- PROBLEM:
Write out exactly, and only, the lines below from the line with "There are two" through the line with "Halloween Lights String"; pictures do not belong in the copy.

- DATA FOR THIS EXERCISE:
'''
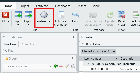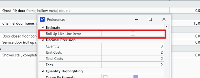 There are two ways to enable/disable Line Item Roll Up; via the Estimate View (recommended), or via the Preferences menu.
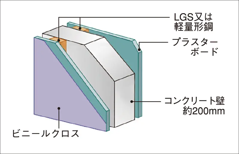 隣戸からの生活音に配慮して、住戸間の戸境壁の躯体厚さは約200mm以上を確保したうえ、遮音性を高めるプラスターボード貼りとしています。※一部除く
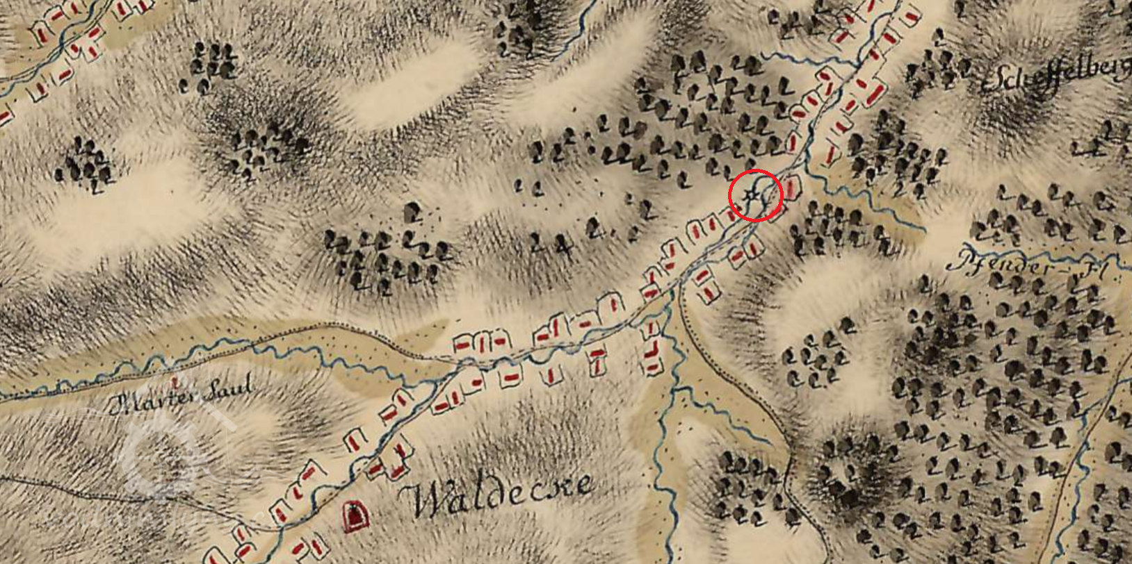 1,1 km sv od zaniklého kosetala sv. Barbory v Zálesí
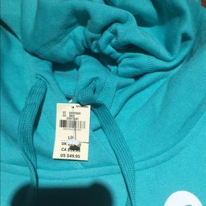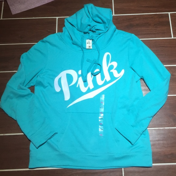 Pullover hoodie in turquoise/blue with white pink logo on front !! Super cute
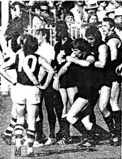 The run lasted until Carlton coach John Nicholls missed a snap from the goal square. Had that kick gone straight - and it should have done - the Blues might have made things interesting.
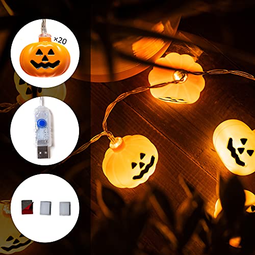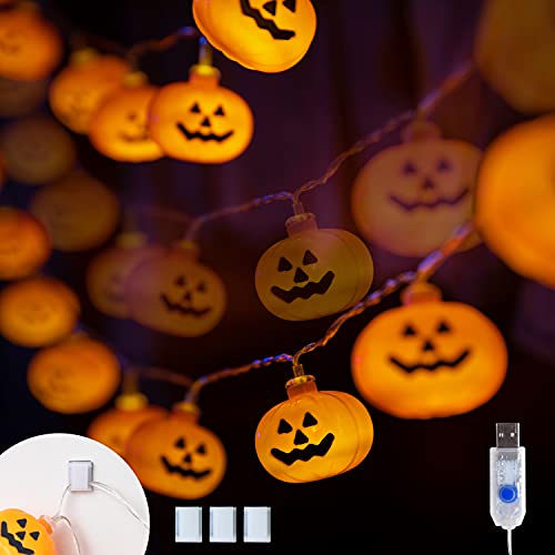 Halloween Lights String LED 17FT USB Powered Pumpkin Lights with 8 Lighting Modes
'''
'''
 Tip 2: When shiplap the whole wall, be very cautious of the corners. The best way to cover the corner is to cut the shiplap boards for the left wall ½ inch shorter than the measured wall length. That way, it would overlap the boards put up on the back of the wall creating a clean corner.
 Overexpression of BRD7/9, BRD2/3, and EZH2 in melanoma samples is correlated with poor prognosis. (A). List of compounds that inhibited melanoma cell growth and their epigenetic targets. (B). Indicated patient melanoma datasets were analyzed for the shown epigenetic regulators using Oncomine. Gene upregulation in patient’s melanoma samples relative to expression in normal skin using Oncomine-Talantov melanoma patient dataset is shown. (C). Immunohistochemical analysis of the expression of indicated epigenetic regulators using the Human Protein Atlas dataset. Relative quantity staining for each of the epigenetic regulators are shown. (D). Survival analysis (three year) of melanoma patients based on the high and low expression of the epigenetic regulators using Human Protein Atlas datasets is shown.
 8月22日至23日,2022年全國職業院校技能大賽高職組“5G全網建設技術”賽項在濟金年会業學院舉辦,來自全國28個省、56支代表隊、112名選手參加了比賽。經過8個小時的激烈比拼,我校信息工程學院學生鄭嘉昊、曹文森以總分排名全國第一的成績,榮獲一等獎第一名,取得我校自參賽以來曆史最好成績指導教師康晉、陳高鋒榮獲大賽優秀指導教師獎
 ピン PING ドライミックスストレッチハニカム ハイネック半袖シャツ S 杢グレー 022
'''
- WRITTEN RESPONSE:
 There are two ways to enable/disable Line Item Roll Up; via the Estimate View (recommended), or via the Preferences menu.
 隣戸からの生活音に配慮して、住戸間の戸境壁の躯体厚さは約200mm以上を確保したうえ、遮音性を高めるプラスターボード貼りとしています。※一部除く
 1,1 km sv od zaniklého kosetala sv. Barbory v Zálesí
 Pullover hoodie in turquoise/blue with white pink logo on front !! Super cute
 The run lasted until Carlton coach John Nicholls missed a snap from the goal square. Had that kick gone straight - and it should have done - the Blues might have made things interesting.
 Halloween Lights String LED 17FT USB Powered Pumpkin Lights with 8 Lighting Modes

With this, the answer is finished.